Los protagonistas del comercio ilegal -según sus propios datos- tienen como principales aliados a los policías, pero aseguraron que ahora también cuentan con el “contacto” de actuales comandantes de las Fuerzas Armadas (FFAA).

“Le decimos así porque los dueños de los terrenos que sirven para sus sendas y tienen cuartos para almacenar, cobran (a los contrabandistas) 100 y 200 bolivianos, según la cantidad de cerveza que meten lomeando por estos senderos (cargados en la espalda o en pequeños carritos de fierro)”, explicó uno de los militares con los que Página Siete logró contacto.

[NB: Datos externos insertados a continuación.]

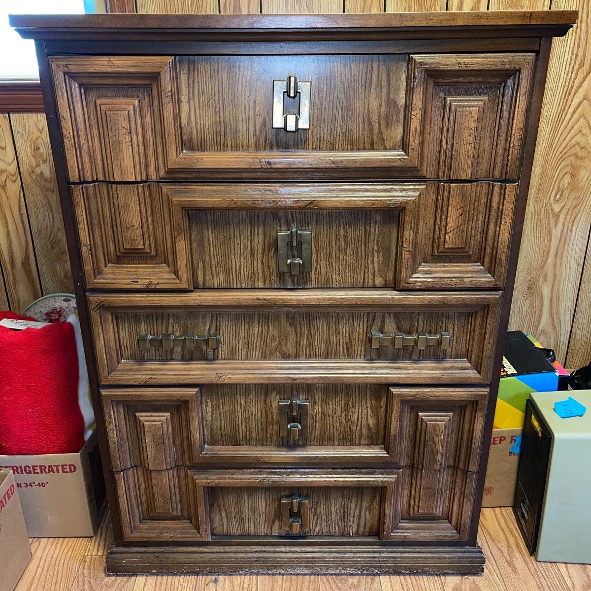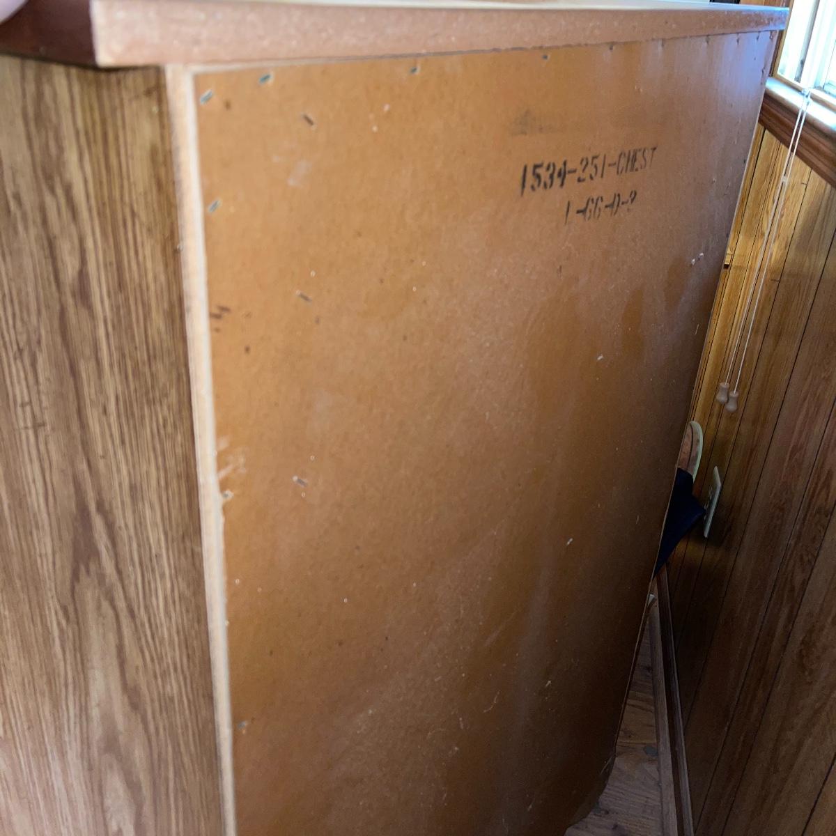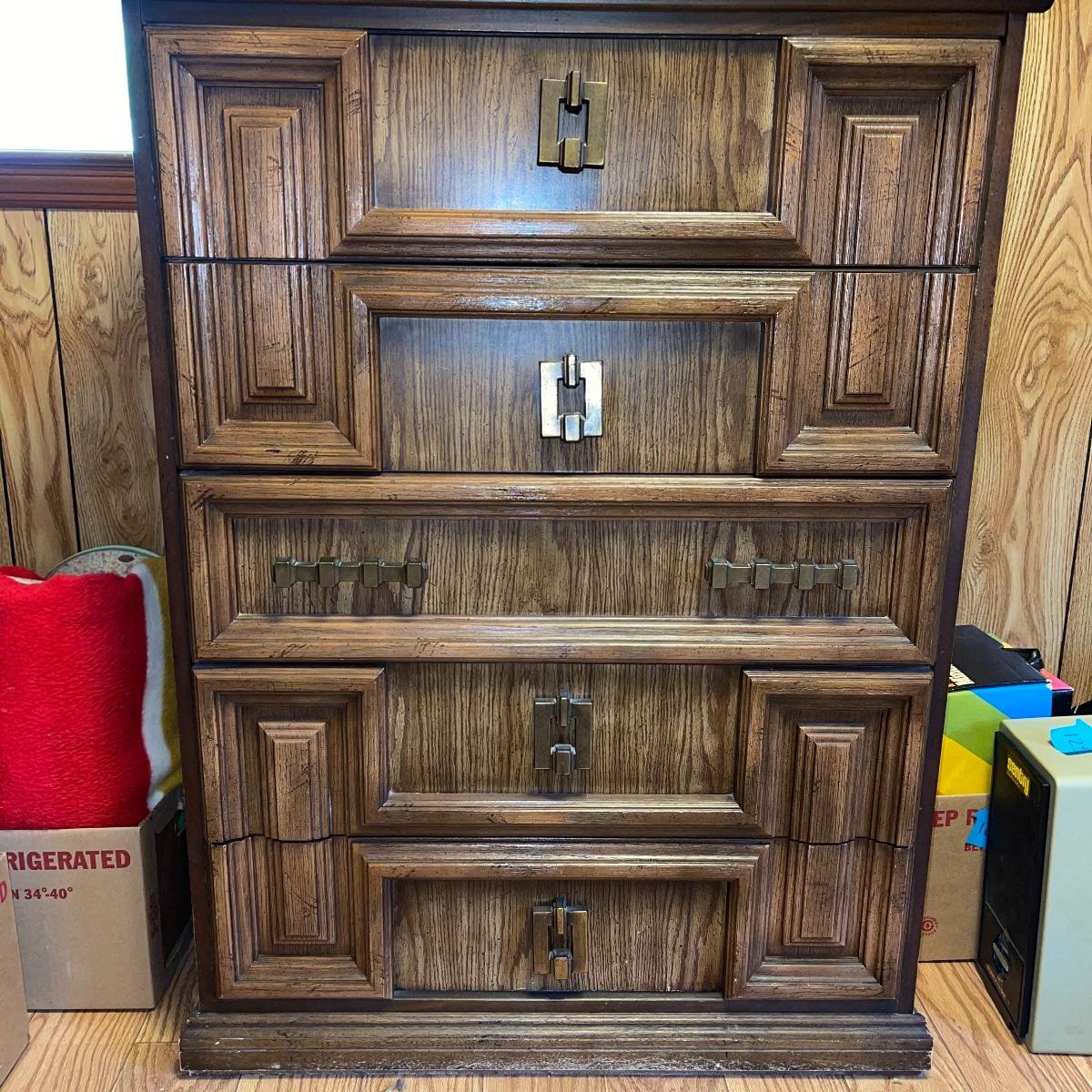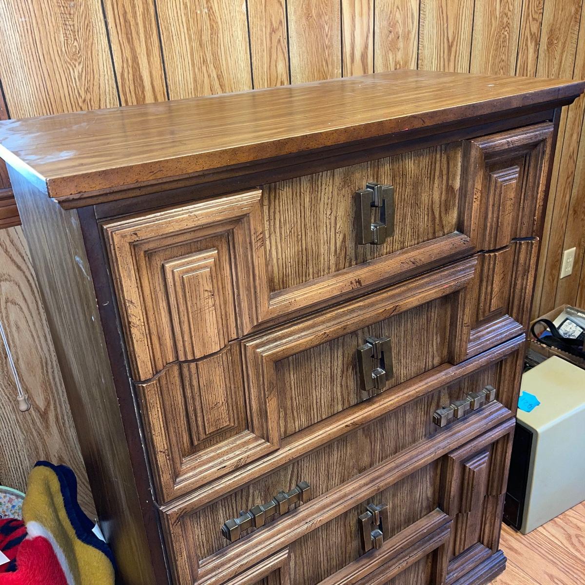 Matching full sized bed frame and five drawer dresser. The dresser is 36 inches long, 18 inches wide, and 48.5 inches tall. On top of the dresser there are mild paint/scuff marks.
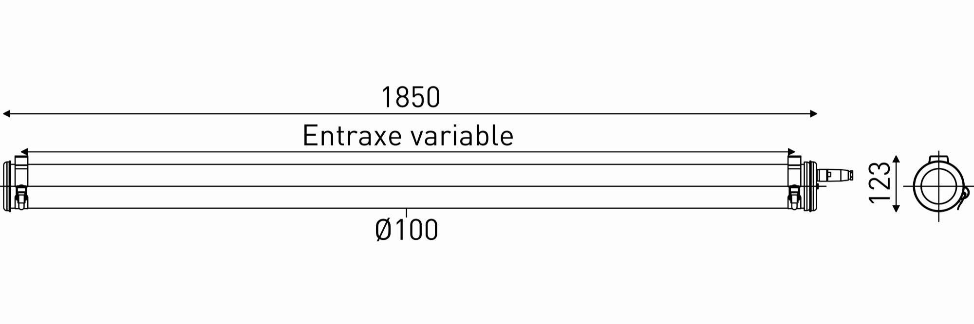 Luminaire tubulaire PASCAL 100 - Vasque satinée - Flasques inox en forme de 1/2 tore creux - Vasque Ø100 mm en polycarbonate protégé des UV, des solvants, des hydrocarbures et des agents lessiviels par une coextrusion de méthacrylate - Enveloppe monobloc à étanchéité renforcée - Platine d'appareillage en tôle d'acier laquée blanche guidée et verrouillable - Joints moulés en EPDM - Modules LED démontables à haute efficacité (IRC>80, 70 000h L80/B10@Tmax) - Flux lumineux: 5550 lm - Température de couleur : 4000K - UGR ? 25 - Driver LED réglable DALI 2 - Diamètre : 100 mm - Longueur hors tout: 1850 mm - Entrée de câble par 1 prise débrochable 5x1,5mm² à verrouillage par bague vissée (capacité : Ø8 à 10 mm) - Raccordement par prise débrochable 5x1,5mm² - Fixation par colliers renforcés en inox à grenouillère à entraxe variable et permettant une orientation sur 360° - Maintenance par démontage du flasque mobile et coulissement de la platine guidée - Garantie : 8 ans, en usage 24/7 à temp max - Température d'utilisation : -20°C +35°C - Indice de protection : IP66/IP68/IP69K - Résistance aux chocs : IK10 - Classe I - Tension d'alimentation : 220-240V 0/50/60Hz - Consommation: 44 W - Efficacité lumineuse: 126 lm/W - Facteur de puissance > 0,95 - THD: 9,5 % - Risque photobiologique : Groupe 0 - Pic de courant d'appel: 25 A - Durée du courant d'appel à 50% du pic: 280 µs - Nombre de drivers sur MCB type B 16A: 24 pcs - Résistance au fil incandescent : 650°C - Poids: 4 kg - Conçu et fabriqué en France
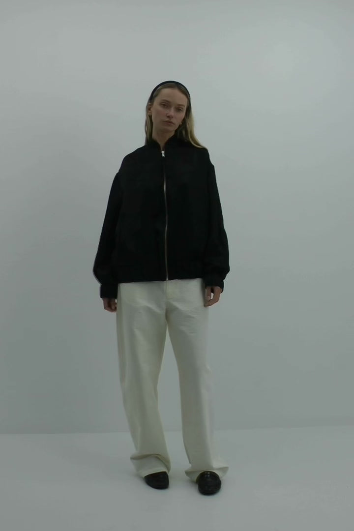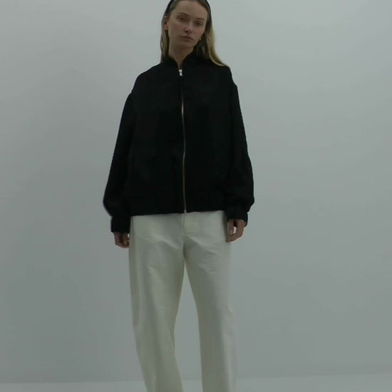 A lightweight bomber cut in black satin jacquard featuring a band collar, front pockets and tassel zip. Fully lined.
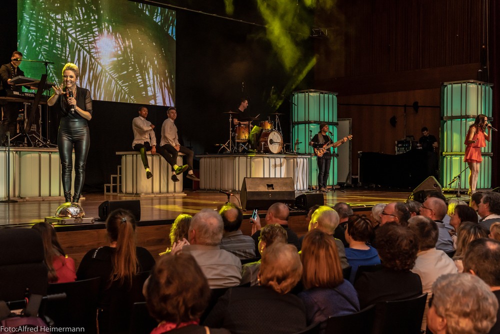 30 Jahre Leidenschaft Alexandra & Anita Hofmann Konzert Reutlingen In der wunderschönen Stadthalle von Reutlingen feierten ca. 2000 Musikbegeisterte Alexandra & Anita Hofmann deren 30. Bühnenjubiläum. Band Tänzer und Tänzerinnen zeigten ein Feuerwerk von Musik, Gesang und Tanz, es war ein erlebnis. Toll wenn man sieht, wie die Hofmanns freundschaftlich mit ihren Fans umgehen. |
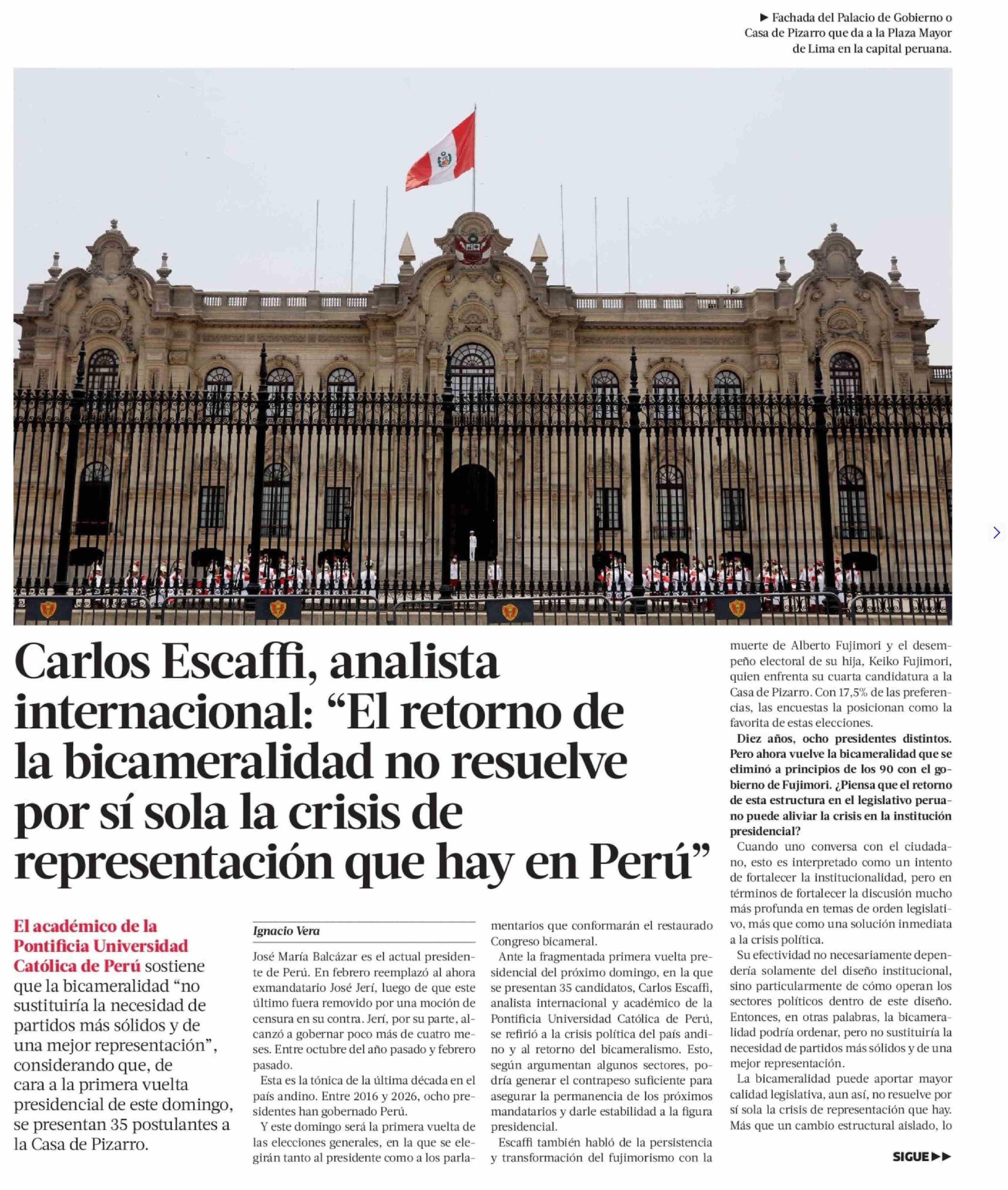 Carlos Escaffi, analista internacional: "El retorno de la bicameralidad no resuelve por sí sola la crisis de representación que hay en Perú"
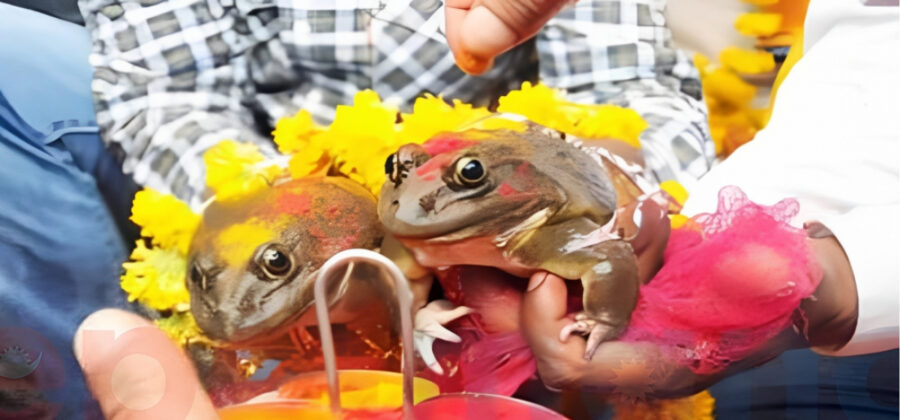 झापा, २३ वैशाख । लामो समयसम्म पानी नपरेर खडेरीको सामना गर्नु परेको भन्दै झापा अर्जुनधाराका किसानहरुले शनिबार भ्यागुताको विवाह गरिदिएका छन् । अर्जुनधारा वडा नम्बर २ का किसानले टाङटिङ खोलामा जोडी भ्यागुताको विवाह गरिदिएका हुन् ।
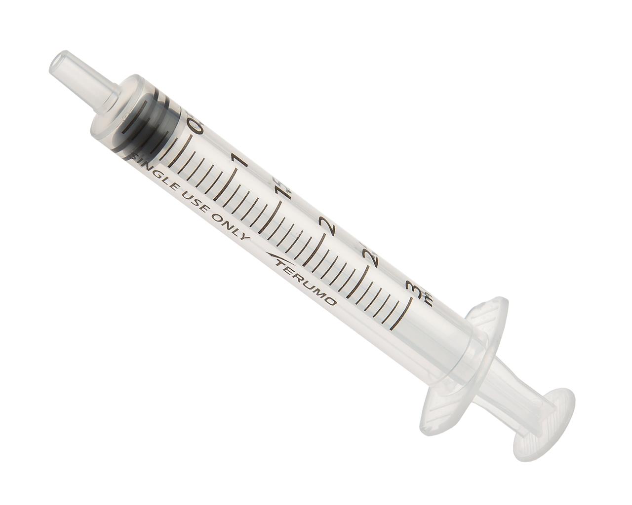 Jeringas desechables estériles Terumo, sin aguja. Las jeringas están destinadas a la inyección, aspiración o extracción de muestras de fluidos corporales o sangre.
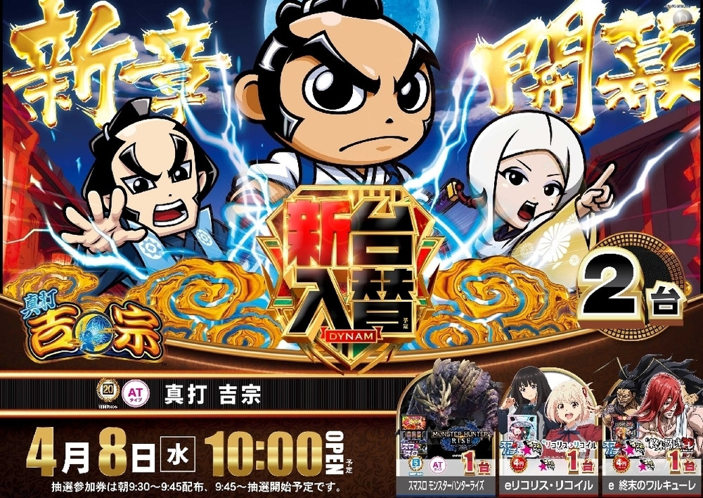 4月8日(水) ★新台入替★ 開催(予定)!!! |
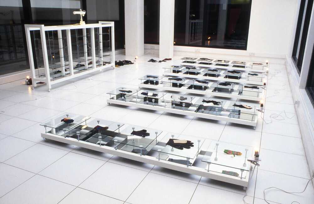 This work began with the collection of single gloves found abandoned on walks through the city of Liverpool with Janet Farahar. When the total of found gloves reached 200 we decided to produce a work from the dicoveries, and, as what had drawn us to the gloves in the first place was their connection to a missing owner as seen by their size, decoration etc., we wished to play on the idea of the gloves being the traces of a tragic event.

“El contrabando hormiga con coimas de unos 100 o hasta 1.000 bolivianos está relegado para los de bajo rango (aduaneros y policías), las cargas en camiones ya son negocio de los jefes (comandantes militares, directores en la Aduana) y los tíos (coroneles de la Policía). Es otro nivel, por camiones”, sostuvo otro oficial destinado en la zona, que pidió reserva de su identidad y cargo.

Noah

Pero si de contrabando hormiga se trata, el más habitual y efectivo es el que se da por medio de los taxis que cruzan la frontera. Los más usados son vehículoa Toyota tipo Noah, en cuyo interior pueden cargar “hasta un pallet y medio”, explicó uno de los taxistas de Arroyo Concepción, en el municipio de Puerto Quijarro, la zona de ingreso desde Brasil.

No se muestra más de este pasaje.